This task calls for the lines below starting at the one containing "Deze speelse wandklok" and ending at the one containing "在张辉博士的接待介绍下,曲部", repeated exactly with both ends kept and pictures left out.

### Task material ###

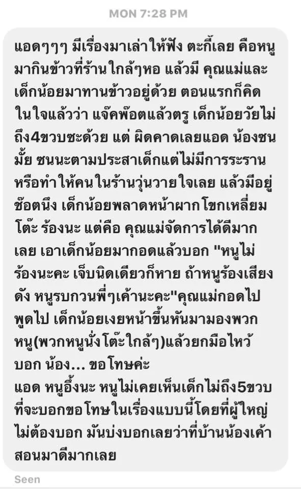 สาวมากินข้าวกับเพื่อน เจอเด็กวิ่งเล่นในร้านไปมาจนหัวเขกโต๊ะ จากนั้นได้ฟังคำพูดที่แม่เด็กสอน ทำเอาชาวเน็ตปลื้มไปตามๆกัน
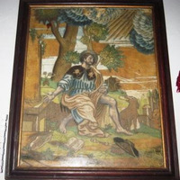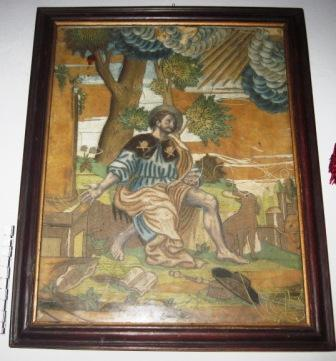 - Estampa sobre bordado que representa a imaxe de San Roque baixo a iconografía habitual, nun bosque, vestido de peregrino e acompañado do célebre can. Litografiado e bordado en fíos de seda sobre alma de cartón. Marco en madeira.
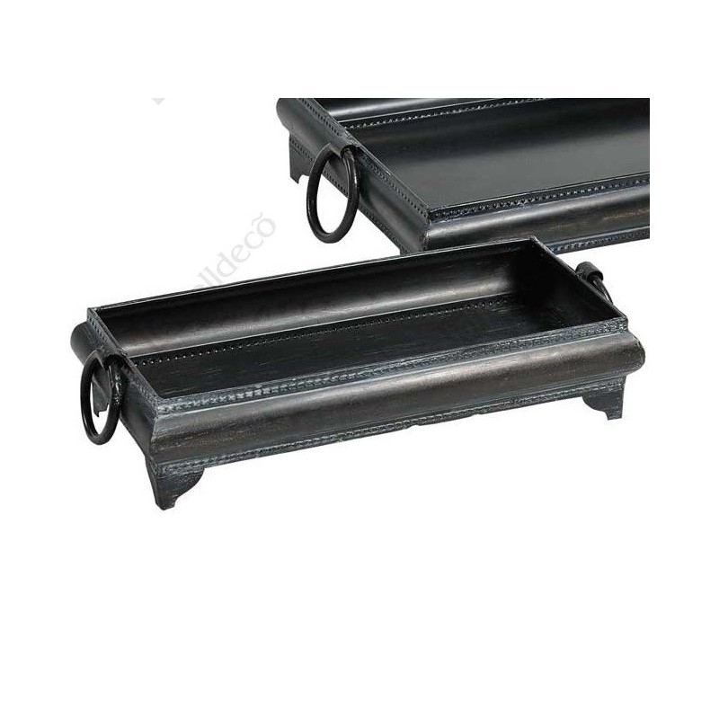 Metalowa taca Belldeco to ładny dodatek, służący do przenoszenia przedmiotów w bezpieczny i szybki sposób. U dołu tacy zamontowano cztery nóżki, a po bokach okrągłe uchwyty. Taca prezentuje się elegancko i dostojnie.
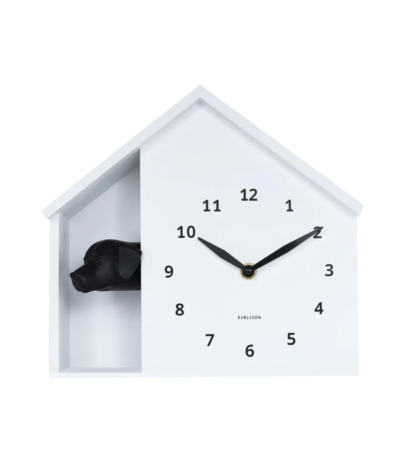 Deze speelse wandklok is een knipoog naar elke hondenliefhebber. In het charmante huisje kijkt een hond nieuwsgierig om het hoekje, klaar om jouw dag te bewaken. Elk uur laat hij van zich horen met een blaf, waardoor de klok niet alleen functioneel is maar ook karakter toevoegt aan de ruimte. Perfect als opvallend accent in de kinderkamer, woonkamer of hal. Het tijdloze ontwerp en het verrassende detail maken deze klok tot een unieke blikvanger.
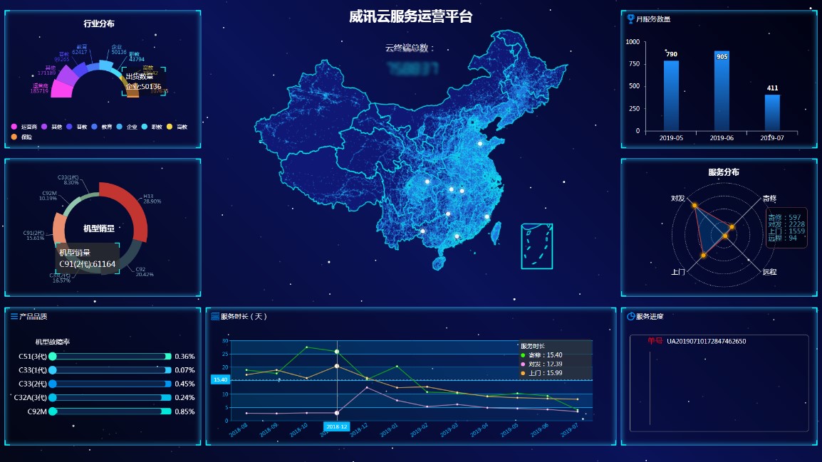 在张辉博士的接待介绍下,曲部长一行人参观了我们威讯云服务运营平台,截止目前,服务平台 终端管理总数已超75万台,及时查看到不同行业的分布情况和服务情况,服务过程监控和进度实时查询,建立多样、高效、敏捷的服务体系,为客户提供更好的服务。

###
### Task material ###

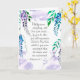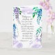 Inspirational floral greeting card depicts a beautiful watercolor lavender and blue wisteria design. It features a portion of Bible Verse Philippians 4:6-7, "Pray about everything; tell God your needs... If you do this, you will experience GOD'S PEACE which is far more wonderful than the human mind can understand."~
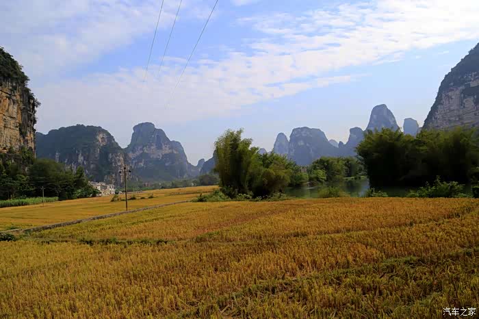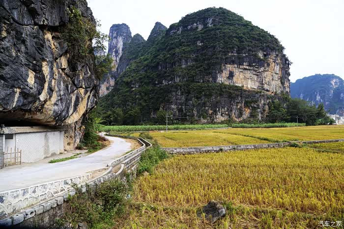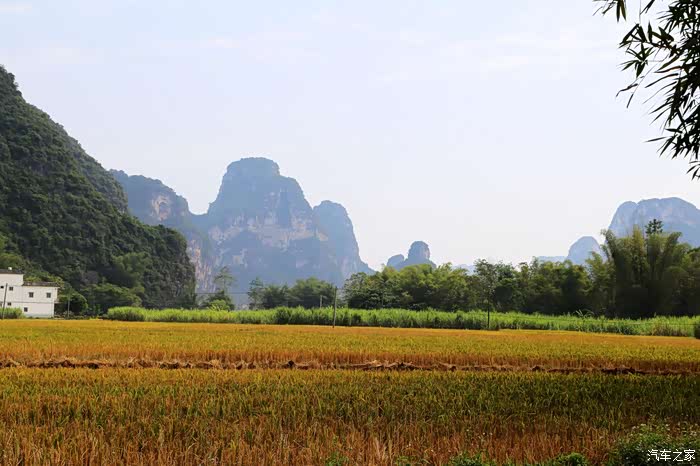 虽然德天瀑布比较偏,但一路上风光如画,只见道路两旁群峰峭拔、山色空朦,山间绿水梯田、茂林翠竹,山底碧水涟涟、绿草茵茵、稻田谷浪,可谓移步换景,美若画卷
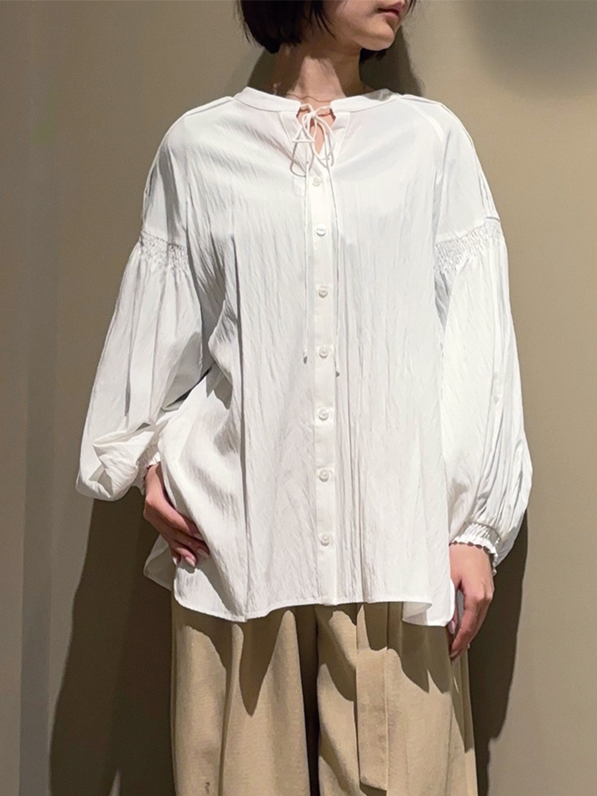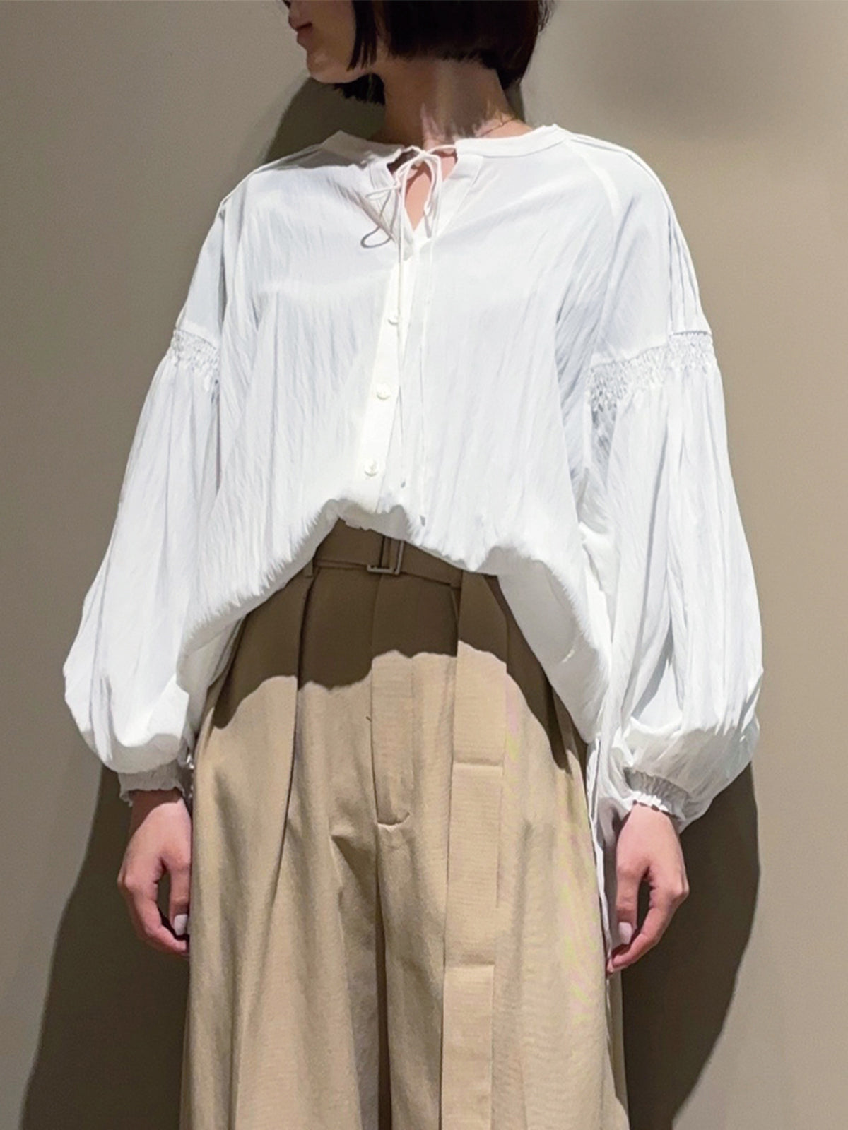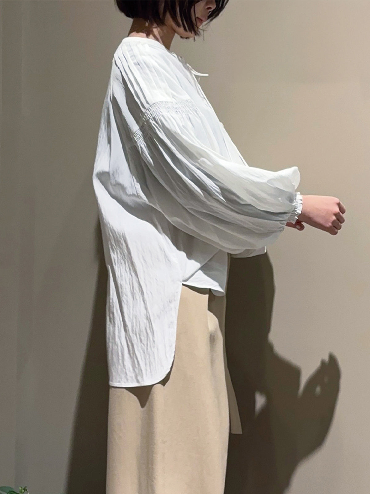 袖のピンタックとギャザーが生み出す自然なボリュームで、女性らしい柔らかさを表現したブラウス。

###

§ Exercise solution:
 Deze speelse wandklok is een knipoog naar elke hondenliefhebber. In het charmante huisje kijkt een hond nieuwsgierig om het hoekje, klaar om jouw dag te bewaken. Elk uur laat hij van zich horen met een blaf, waardoor de klok niet alleen functioneel is maar ook karakter toevoegt aan de ruimte. Perfect als opvallend accent in de kinderkamer, woonkamer of hal. Het tijdloze ontwerp en het verrassende detail maken deze klok tot een unieke blikvanger.
 在张辉博士的接待介绍下,曲部长一行人参观了我们威讯云服务运营平台,截止目前,服务平台 终端管理总数已超75万台,及时查看到不同行业的分布情况和服务情况,服务过程监控和进度实时查询,建立多样、高效、敏捷的服务体系,为客户提供更好的服务。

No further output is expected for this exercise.